◆ Records supplied ◆
+ + + + + + +

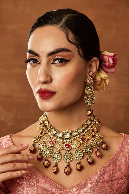 Gold necklace set featuring meenakari polki embellishments with pear drop design. Paired with matching earrings that complement the necklace.
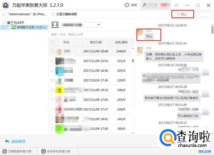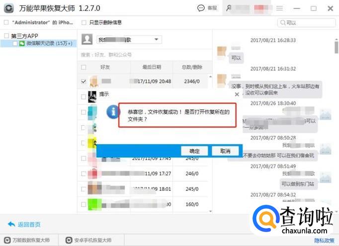 找到要的聊天记录后,点击下方的恢复按钮,将苹果手机删除的微信聊天记录以文本的形式保存到电脑上。
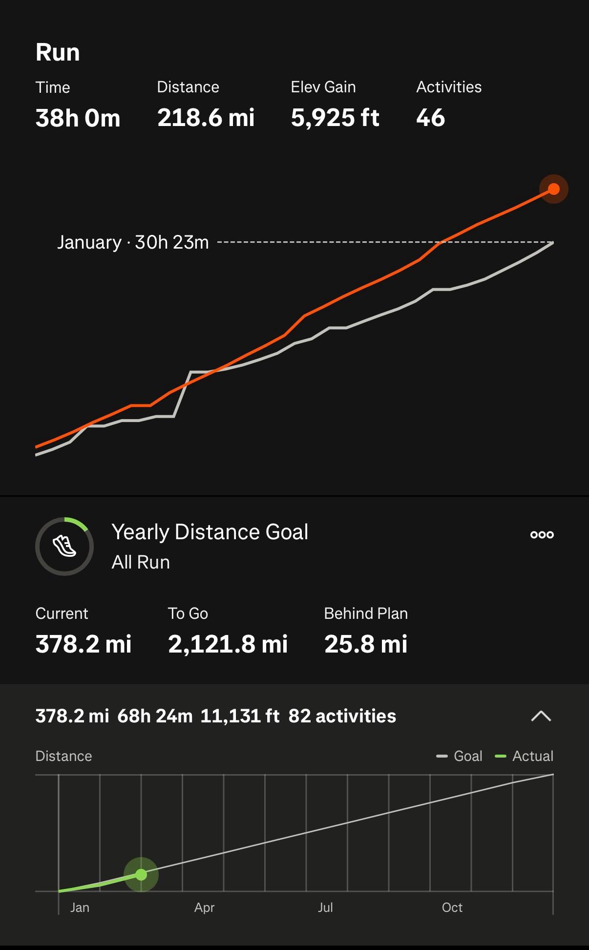 <p>February <a href="/tags/running/" rel="tag">#running</a> recap: mileage climbed from 159.5 → 218.6mi (228.1 including walking). EG rose 5,206 → 5,925ft, and run time increased 30.5 → 38hrs.</p><p>This has been a strong comeback month: despite just 28 days, I hit my 208mi monthly target and cut my yearly deficit from 52.7 to 25.8mi. My VO2max also jumped 45.9 → 50.6!</p><p>I'm now just 25.8mi behind my 2,500mi yearly goal and back on track! Woodinville Half + Redmond City <a href="/tags/marathon/" rel="tag">#Marathon</a> up next. Onward!</p>
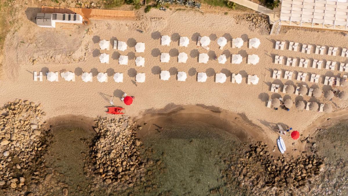 Resort life flows between panoramic pools, wooden solariums and easy access to clear water among rocks and tiny coves.
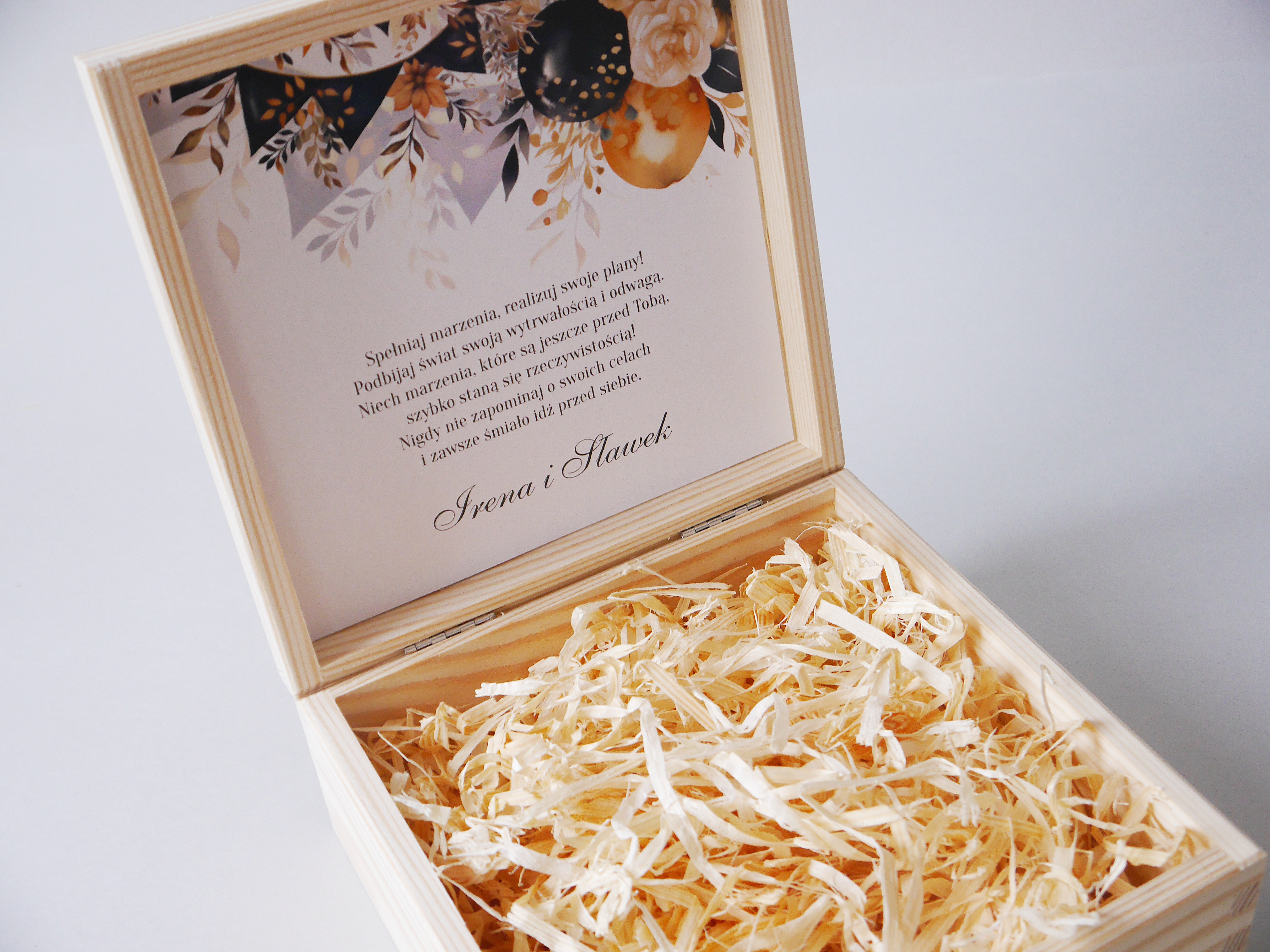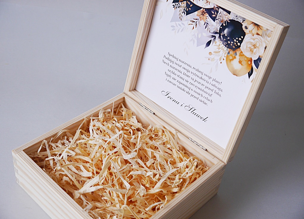 Skrzynka to eleganckie pudełko wraz z grawerem na wieku oraz z życzeniami w środku. Do samodzielnego uzupełnienia. Istnieje możliwość dokupienia zawartości.
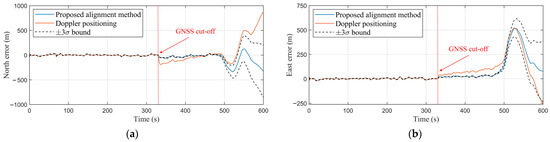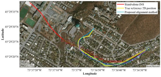 20]. The articles could correct the orientation results and the INS errors, which may be caused by misalignment or vibrations.
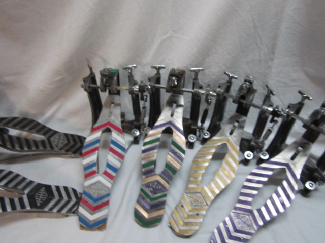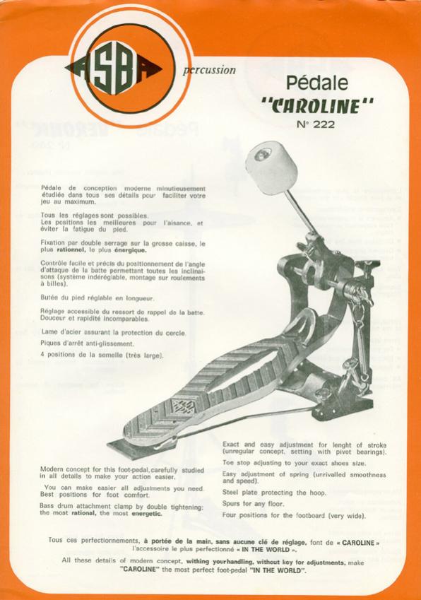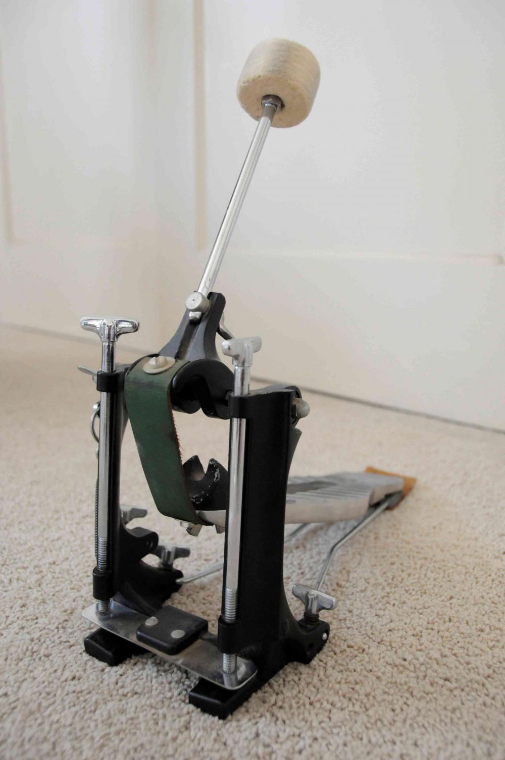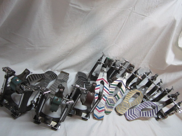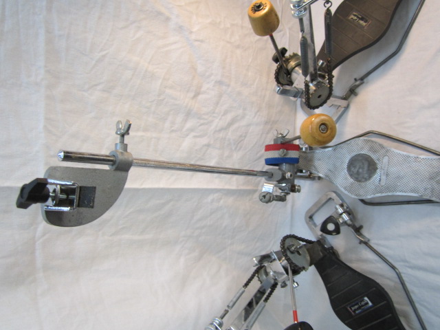I have a pair of ASBA Caroline pedal mated up to a pair of 26" bass drums. I moved from a Speed King to a Ghost, to one Caroline and then a second one for the double bass. I purchased them in the early 80's, several months apart, and they have different finishes on them. Back then these pedals were 'king of the hill' to me due in part to the many features the pedals had over others that were available at the time.
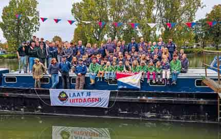 De IJzeren Kraak is honderd jaar oud geworden. Het 27 meter lang varende clubhuis brengt Scoutinggroep Willem de Zwijgergroep III naar al zijn kamplocaties. “Ons schip vaart 25 tot 30 keer per jaar uit om Nederland te verkennen vanaf het water”, vertelt groepsvoorzitter Koen Nieuwpoort. “We gaan vaak naar de Biesbosch. Of naar Zeeland. De hele zomer hebben we in Friesland gelegen en hebben de groepen er afwisselend verbleven. De welpen gaan er in de herfstvakantie weer op uit.” Zaterdag werd de hele dag feest gevierd op en rond het honderdjarige schip. “Het werd op 10 december 1924 in de vaart genomen als De Zaandam. Koekjesfabrikant Verkade gebruikte het om in bulk biscuits te vervoeren. De gangboorden zijn extra breed om die pakketten er makkelijk uit te kunnen halen. Dat maakt het voor ons een praktisch en veiliger schip. Onze vereniging heeft het in 1967 voor een symbolisch bedrag aangeschaft. En daar hebben we nog steeds veel plezier van.” De in 1938 opgerichte waterscoutinggroep heeft rond de 150 leden. De IJzeren Kraak ligt aan de kade bij Clubhuis Dillenburg achter het Wantijpark. Dat is sinds zaterdag duidelijker te herkennen, want tijdens de feestelijkheden werd ook een gesponsord naambord onthuld. Nieuwpoort: “Toen burgemeester Kolff hier in maart was om Erwin Zuidema (25 jaar vrijwilliger, 37,5 jaar lid, red.) een lintje te geven, moest hij tot zijn schaamte bekennen dat hij ons nog niet had opgemerkt. Dat is nu een stuk duidelijker.” (Foto: Stolk Fotografie)
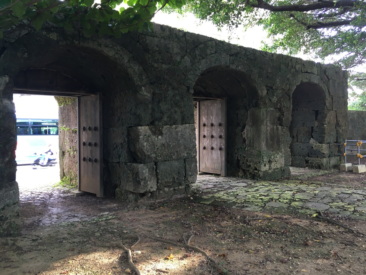 ゆいレール「牧志駅」から徒歩で10 分くらいです。「崇元寺通り」に面してさりげなく琉球石灰岩でできた重厚な3連アーチの石門が建っています。琉球歴代王の霊を祀った寺で、首里の円覚寺と共に琉球双璧の名刹でしたが、沖縄戦で焼失してしまいました。現在の石門は、戦後修復されたものです。国の重要文化財です。門を潜るとガジュマル?の巨木の枝葉が大変見事でした。
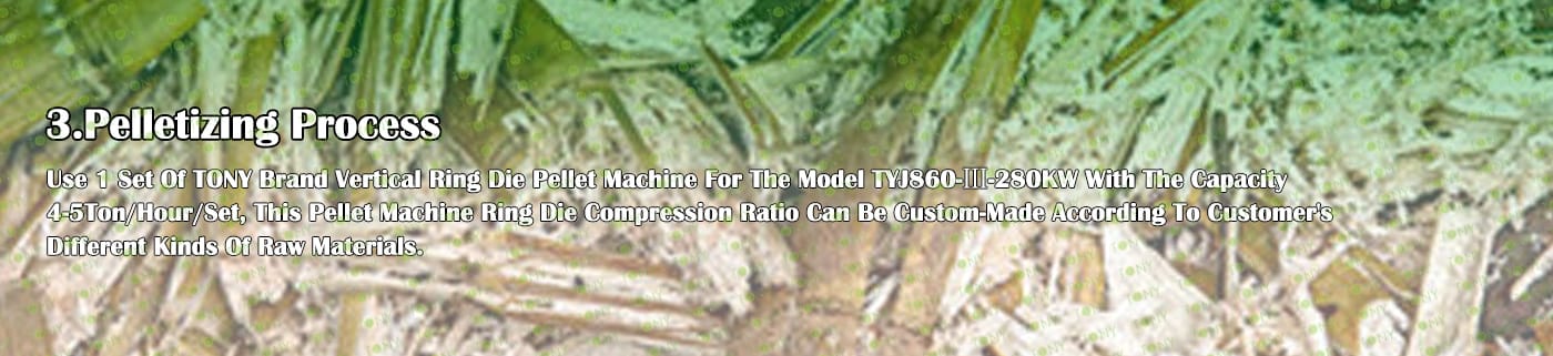 6. Основно оборудване: Ефективна чукова мелница-TFD75*132-132KW, въртяща се барабанна сушилня-1,8*20m, машина за пелети TONY- TYJ860-Ⅲ-280KW, охладител за поцинковани пелети, полуавтоматична машина за опаковане и лентови транспортьори

+ + + + + + +

Write everything in the records out exactly, apart from the pictures.

 Gold necklace set featuring meenakari polki embellishments with pear drop design. Paired with matching earrings that complement the necklace.
 找到要的聊天记录后,点击下方的恢复按钮,将苹果手机删除的微信聊天记录以文本的形式保存到电脑上。
 <p>February <a href="/tags/running/" rel="tag">#running</a> recap: mileage climbed from 159.5 → 218.6mi (228.1 including walking). EG rose 5,206 → 5,925ft, and run time increased 30.5 → 38hrs.</p><p>This has been a strong comeback month: despite just 28 days, I hit my 208mi monthly target and cut my yearly deficit from 52.7 to 25.8mi. My VO2max also jumped 45.9 → 50.6!</p><p>I'm now just 25.8mi behind my 2,500mi yearly goal and back on track! Woodinville Half + Redmond City <a href="/tags/marathon/" rel="tag">#Marathon</a> up next. Onward!</p>
 Resort life flows between panoramic pools, wooden solariums and easy access to clear water among rocks and tiny coves.
 Skrzynka to eleganckie pudełko wraz z grawerem na wieku oraz z życzeniami w środku. Do samodzielnego uzupełnienia. Istnieje możliwość dokupienia zawartości.
 20]. The articles could correct the orientation results and the INS errors, which may be caused by misalignment or vibrations.
I have a pair of ASBA Caroline pedal mated up to a pair of 26" bass drums. I moved from a Speed King to a Ghost, to one Caroline and then a second one for the double bass. I purchased them in the early 80's, several months apart, and they have different finishes on them. Back then these pedals were 'king of the hill' to me due in part to the many features the pedals had over others that were available at the time.
 De IJzeren Kraak is honderd jaar oud geworden. Het 27 meter lang varende clubhuis brengt Scoutinggroep Willem de Zwijgergroep III naar al zijn kamplocaties. “Ons schip vaart 25 tot 30 keer per jaar uit om Nederland te verkennen vanaf het water”, vertelt groepsvoorzitter Koen Nieuwpoort. “We gaan vaak naar de Biesbosch. Of naar Zeeland. De hele zomer hebben we in Friesland gelegen en hebben de groepen er afwisselend verbleven. De welpen gaan er in de herfstvakantie weer op uit.” Zaterdag werd de hele dag feest gevierd op en rond het honderdjarige schip. “Het werd op 10 december 1924 in de vaart genomen als De Zaandam. Koekjesfabrikant Verkade gebruikte het om in bulk biscuits te vervoeren. De gangboorden zijn extra breed om die pakketten er makkelijk uit te kunnen halen. Dat maakt het voor ons een praktisch en veiliger schip. Onze vereniging heeft het in 1967 voor een symbolisch bedrag aangeschaft. En daar hebben we nog steeds veel plezier van.” De in 1938 opgerichte waterscoutinggroep heeft rond de 150 leden. De IJzeren Kraak ligt aan de kade bij Clubhuis Dillenburg achter het Wantijpark. Dat is sinds zaterdag duidelijker te herkennen, want tijdens de feestelijkheden werd ook een gesponsord naambord onthuld. Nieuwpoort: “Toen burgemeester Kolff hier in maart was om Erwin Zuidema (25 jaar vrijwilliger, 37,5 jaar lid, red.) een lintje te geven, moest hij tot zijn schaamte bekennen dat hij ons nog niet had opgemerkt. Dat is nu een stuk duidelijker.” (Foto: Stolk Fotografie)
 ゆいレール「牧志駅」から徒歩で10 分くらいです。「崇元寺通り」に面してさりげなく琉球石灰岩でできた重厚な3連アーチの石門が建っています。琉球歴代王の霊を祀った寺で、首里の円覚寺と共に琉球双璧の名刹でしたが、沖縄戦で焼失してしまいました。現在の石門は、戦後修復されたものです。国の重要文化財です。門を潜るとガジュマル?の巨木の枝葉が大変見事でした。
 6. Основно оборудване: Ефективна чукова мелница-TFD75*132-132KW, въртяща се барабанна сушилня-1,8*20m, машина за пелети TONY- TYJ860-Ⅲ-280KW, охладител за поцинковани пелети, полуавтоматична машина за опаковане и лентови транспортьори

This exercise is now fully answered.